The stark differences point to the need to continue working on improving health disparities in those areas, said U.S. Representative Jim Clyburn, D-Columbia, who also represents parts of Greater Charleston.

The Congressional District Health Dashboard is a new online tool from the Robert Wood Johnson Foundation and New York University Grossman School of Medicine. It lets people compare the health of one congressional district to another across 36 different measures. These areas include health issues such as diabetes or obesity, health issues such as death from heart disease, or health factors such as air pollution or the rate of uninsured people.


While there are databases that look at health issues by county or state, there really weren’t any that offered a simple or comprehensive overview by congressional district, which is why this was created, said Dr. Giridhar Mallya, senior policy officer for Robert Wood. Johnson Foundation and public health physician in Philadelphia.

The tool can help those who want to talk to representatives about health issues in their district and can also be used by staff to explore these issues.

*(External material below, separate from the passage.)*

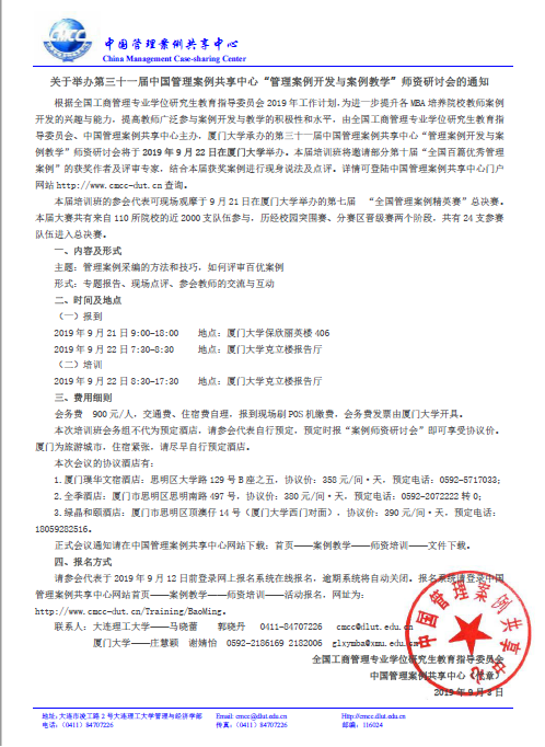 根据全国工商管理专业学位研究生教育指导委员会2019年工作计划,为进一步提升各MBA培养院校教师案例开发的兴趣与能力,提高教师广泛参与案例开发与教学的积极性和水平,由全国工商管理专业学位研究生教育指导委员会、中国管理案例共享中心主办,厦门大学承办的第三十一届中国管理案例共享中心“管理案例开发与案例教学”师资研讨会将于2019年9月22日在厦门大学举办。本届培训班将邀请部分第十届“全国百篇优秀管理案例”的获奖作者及评审专家,结合本届获奖案例进行现身说法及点评。

Congressional districts are political boundaries and often do not follow natural divisions within a state or contain cohesive communities, Mallya said, and could separate cities from suburbs from rural areas. The goal is to maximize one party’s chances in that district over another.

And often that will be by race, Mallya said, which appears to be the case with South Carolina’s 1st and 6th districts after the 2020 census.

The 1st District, which is represented by Republican Nancy Mace, is 68% white and 17% black, while Clyburn’s 6th District is 42% white and 47% black. Overall, South Carolina is 69% white and 27% black, according to the US Census Bureau. Charleston County is 25% black.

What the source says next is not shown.